_The problem_: Within the records below, find the line with "Грузовоз, транспортная компания" and the line with "MAYOR shows a", then reproduce exactly those two lines and all lines between them, without any picture.

_Task data_:
· · · · ·

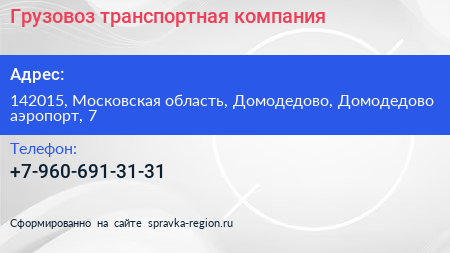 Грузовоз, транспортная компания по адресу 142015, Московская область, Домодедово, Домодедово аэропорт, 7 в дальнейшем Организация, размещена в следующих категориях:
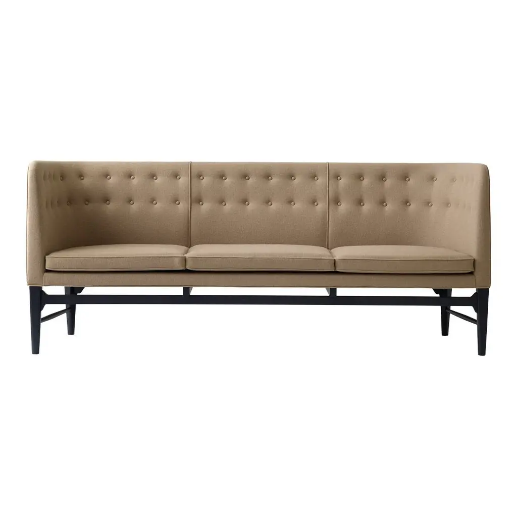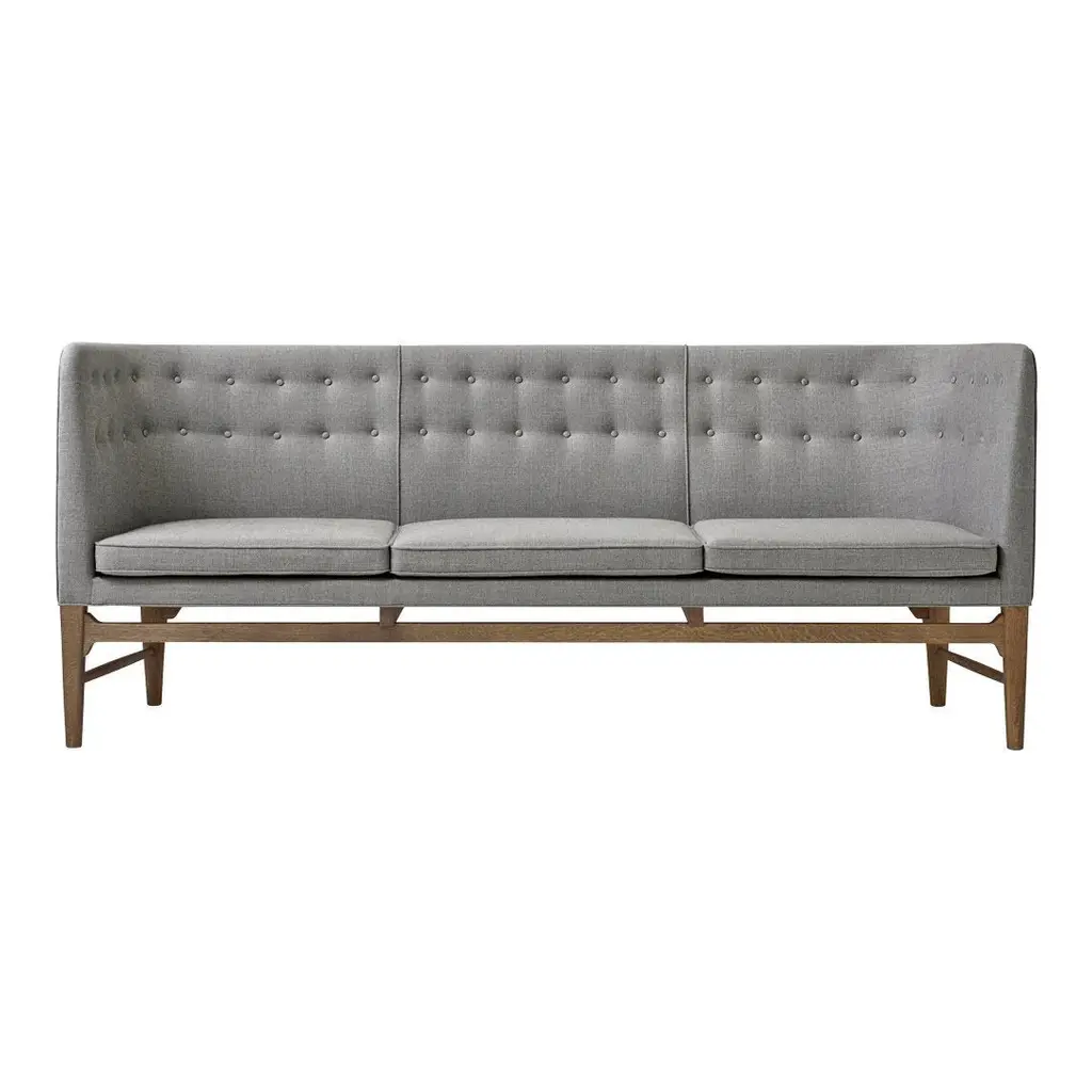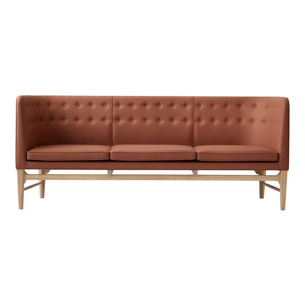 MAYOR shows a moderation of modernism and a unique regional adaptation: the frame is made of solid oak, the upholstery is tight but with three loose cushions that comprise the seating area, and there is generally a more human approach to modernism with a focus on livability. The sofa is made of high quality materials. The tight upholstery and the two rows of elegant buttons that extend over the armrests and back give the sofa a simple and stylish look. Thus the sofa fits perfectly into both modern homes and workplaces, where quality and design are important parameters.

· · · · ·

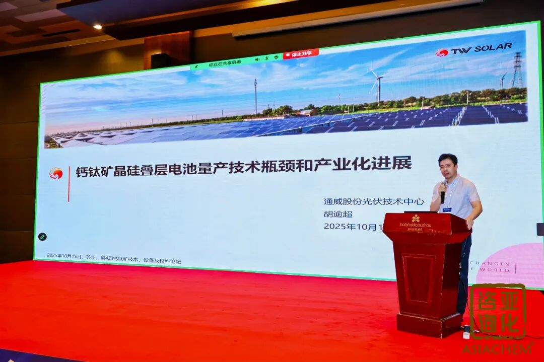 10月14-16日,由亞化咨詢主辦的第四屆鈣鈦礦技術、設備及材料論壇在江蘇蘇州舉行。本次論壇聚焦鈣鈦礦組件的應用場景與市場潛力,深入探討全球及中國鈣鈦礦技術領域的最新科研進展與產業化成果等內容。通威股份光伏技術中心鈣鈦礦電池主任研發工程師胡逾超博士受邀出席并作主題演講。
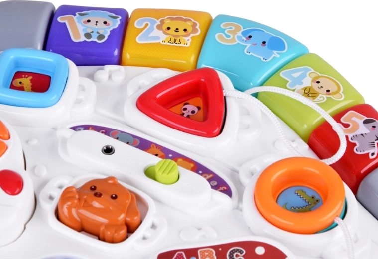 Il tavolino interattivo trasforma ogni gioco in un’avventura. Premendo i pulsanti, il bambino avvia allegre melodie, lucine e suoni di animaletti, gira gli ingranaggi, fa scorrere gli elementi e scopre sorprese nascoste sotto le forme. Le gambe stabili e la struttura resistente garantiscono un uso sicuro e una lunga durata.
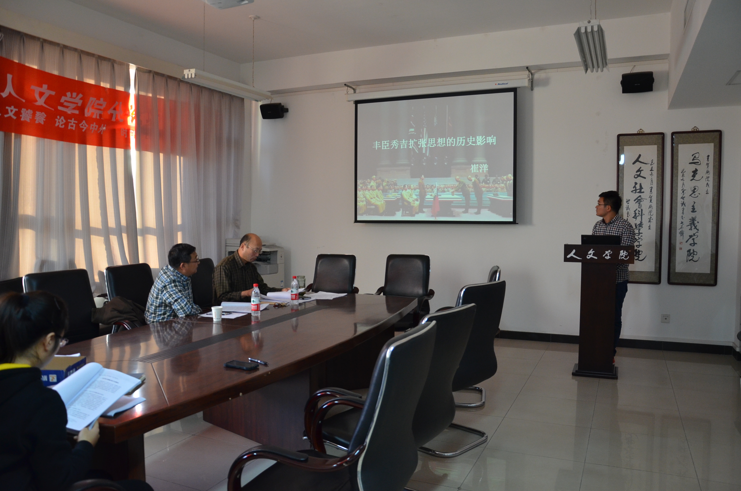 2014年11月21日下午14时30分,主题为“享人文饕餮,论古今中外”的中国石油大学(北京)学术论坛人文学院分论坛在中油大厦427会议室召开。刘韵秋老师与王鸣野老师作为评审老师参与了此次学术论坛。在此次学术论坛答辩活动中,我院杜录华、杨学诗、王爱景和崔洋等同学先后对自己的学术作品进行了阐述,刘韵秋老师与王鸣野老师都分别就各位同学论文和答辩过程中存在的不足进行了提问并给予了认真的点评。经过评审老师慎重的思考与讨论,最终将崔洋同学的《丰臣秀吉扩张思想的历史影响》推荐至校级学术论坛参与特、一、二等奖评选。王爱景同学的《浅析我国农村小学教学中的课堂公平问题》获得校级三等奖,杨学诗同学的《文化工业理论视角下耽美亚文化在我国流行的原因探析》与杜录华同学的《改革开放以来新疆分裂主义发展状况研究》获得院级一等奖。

· · · · ·

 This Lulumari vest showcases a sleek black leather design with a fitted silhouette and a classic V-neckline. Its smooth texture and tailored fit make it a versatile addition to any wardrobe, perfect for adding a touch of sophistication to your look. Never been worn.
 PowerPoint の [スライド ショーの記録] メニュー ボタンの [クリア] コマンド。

· · · · ·

_Result of the exercise_:
 Грузовоз, транспортная компания по адресу 142015, Московская область, Домодедово, Домодедово аэропорт, 7 в дальнейшем Организация, размещена в следующих категориях:
 MAYOR shows a moderation of modernism and a unique regional adaptation: the frame is made of solid oak, the upholstery is tight but with three loose cushions that comprise the seating area, and there is generally a more human approach to modernism with a focus on livability. The sofa is made of high quality materials. The tight upholstery and the two rows of elegant buttons that extend over the armrests and back give the sofa a simple and stylish look. Thus the sofa fits perfectly into both modern homes and workplaces, where quality and design are important parameters.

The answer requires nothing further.